Energy tech to watch: breakthroughs in the energy sector

The world’s energy landscape is undergoing profound and rapid transformation. Countries and companies are facing a complex dual challenge: meeting rising energy demand while significantly reducing carbon emissions. This transition is being shaped by technological innovations, shifting economic priorities and a growing global consensus on the need for a lower-carbon future. In addition to strategies focused on energy efficiency, emerging technologies have the potential to further revolutionise production – particularly within the hydrocarbon sector – and fundamentally alter how economies consume energy.

The state of play: growing demand in a warming world

Global energy demand continues to surge. According to the International Energy Agency (IEA) Global Energy Review for 2024, global energy demand grew by 2.2% in 2024, a rate faster than the average over the past decade. This growth was led primarily by the power sector, where electricity demand soared by 4.3%.¹ Several factors contributed to this spike including:

• Record-breaking temperatures, driving demand for air conditioning
• Electrification across industries and homes, accelerating the shift away from fossil fuels
• Explosive growth of digitalisation and data centres, requiring vast amounts of energy to operate

These trends underscore a critical reality, although the energy transition is progressing, the global energy mix remains unsettled and continues to evolve.

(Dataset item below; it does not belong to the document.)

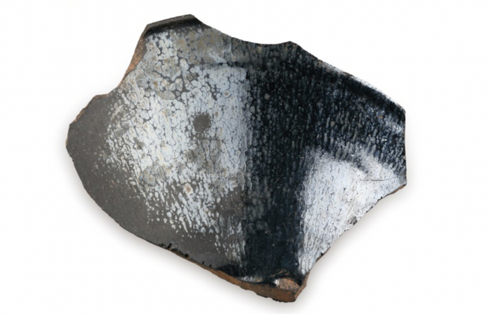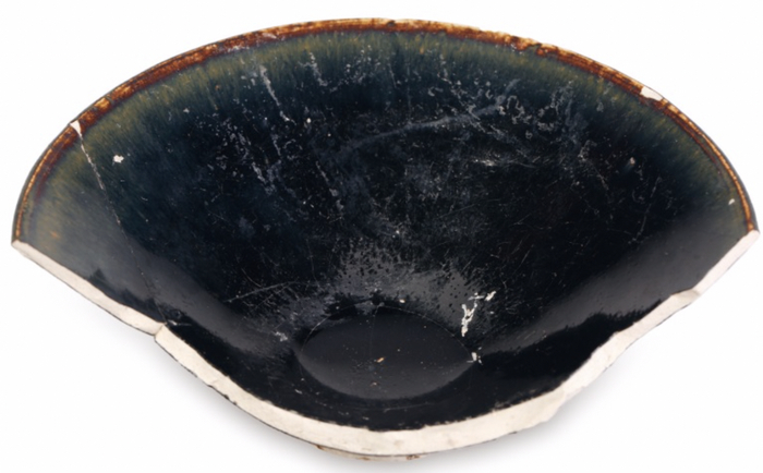 工艺水平较高的纯黑釉面,虽然没有使用“细白胎”工艺,但胎质洁白紧实,釉面平整润泽。

The rise of energy storage and management

The adoption of renewables like solar and wind power, along with the advancements in hydrogen and carbon capture, is helping leaders address the dual challenge of meeting energy demand while helping to mitigate carbon impact. A challenge with renewable sources is their unpredictable availability. Solar generation can be disrupted by cloud cover and wind turbines may stop during periods of low wind. This variability makes it difficult to depend on renewables as a consistent power source.

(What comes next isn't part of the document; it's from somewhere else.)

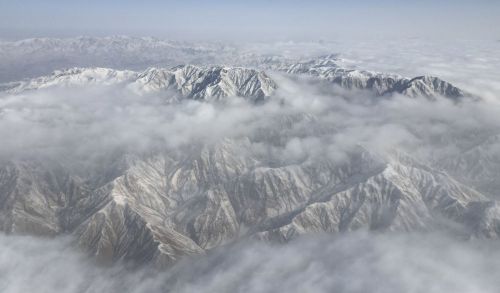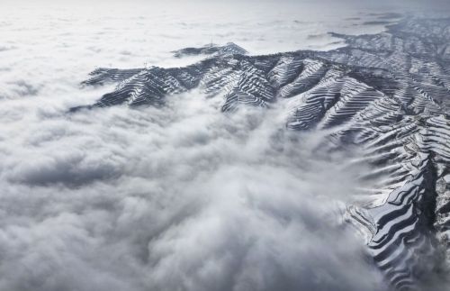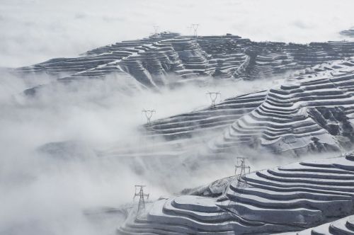 当日,雪后的甘肃省东乡族自治县山乡银装素裹,云雾缭绕,宛如仙境。

This makes Battery Energy Storage Systems (BESS) essential.²  BESS can store excess electricity for later use during a power outage or shortage, helping to support grid stability and enable more seamless integration of renewable energy sources. Alternatively, lithium-ion systems can be complemented with iron flow battery technology, which offers a longer-duration storage option with a lower operational cost over time, making it more economical with readily available materials.

Another foundational element of future energy use is the Energy Management System (EMS).³ By combining software and hardware, EMS collect, analyse and visualise data in near-real time to optimise generation, storage and/or consumption of electricity to help lower costs and emissions and stabilise the grid. 

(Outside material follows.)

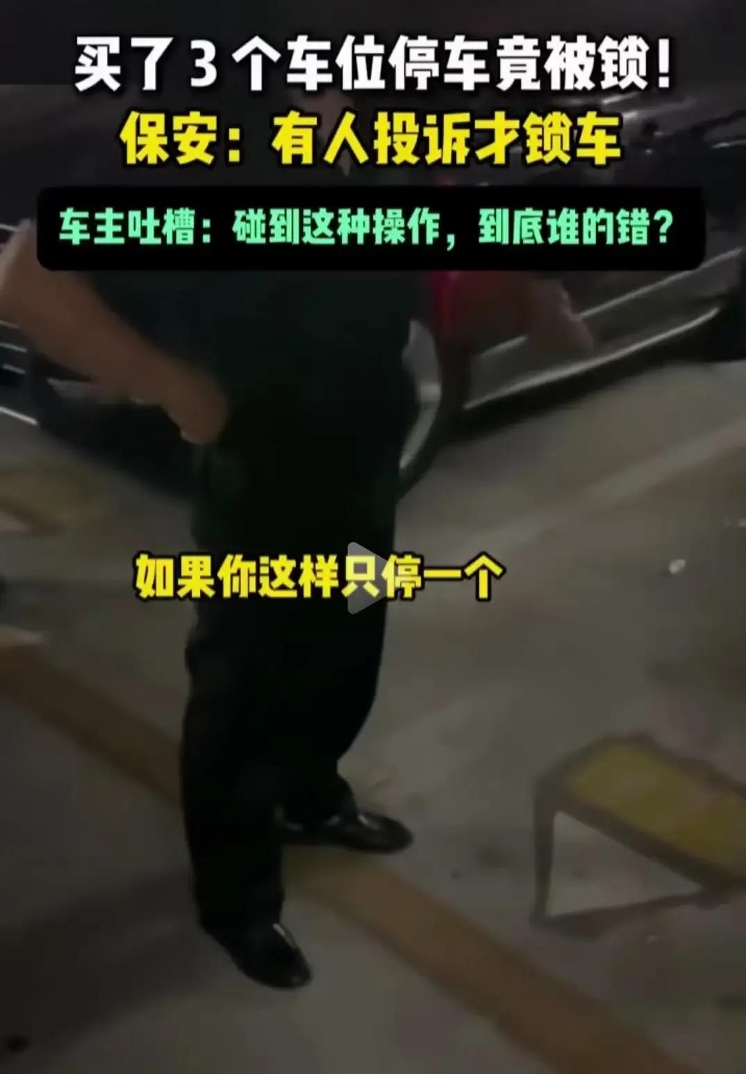 男子横着停车占了3个车位,有人向物业投诉,物业派保安把车锁了!男子:“3个车位都

The global EMS market is projected to reach $111.86 billion by 2030, up from $53.26 billion in 2024.⁴ The advanced integration of AI and IoT for intelligent data analysis, widespread adoption of cloud-based platforms and the shift toward decentralised and renewable energy systems are some trends driving the segment. Demand-side management, remote monitoring and the emergence of energy as a service (EaaS) models are also important.

Accelerating the low carbon transition with carbon capture and hydrogen

Beyond the grid, impactful emissions reduction solutions are critical across the broader energy ecosystem. Carbon Capture and Storage (CCS) has emerged as a critical enabler in the low-carbon transition, particularly for hard-to-abate sectors. CCS technologies are designed to help prevent CO₂ emissions from fossil fuel-led industrial facilities, including power stations and refineries, from reaching the atmosphere. Captured CO₂ is then  compressed and shipped to long-term, deep underground storage.

Fifty CCS facilities are operating globally and 628 more are in development across various sectors, according to Global CCS Institute’s Global Status Of CCS 2024 report.⁵ CCS can serve as a powerful transitional solution as  facilities and grids are modernised by enabling the integration of variable renewable energy sources and decarbonisation of fossil fuel power plants and other industrial sources.

The role of hydrogen in the energy mix has accelerated dramatically over the past decade. The global push toward decarbonisation has spurred innovation with the scalability and affordability of renewable energy systems and advances in electrolyser technologies driving the production of green hydrogen.⁶ Hydrogen fuel cells have the potential to make a significant impact in sectors like heavy-duty transportation, offering a zero-emissions alternative for trucks and buses. Additionally, blending hydrogen into existing natural gas pipelines can help heat homes and streamline efficiency at industrial operations.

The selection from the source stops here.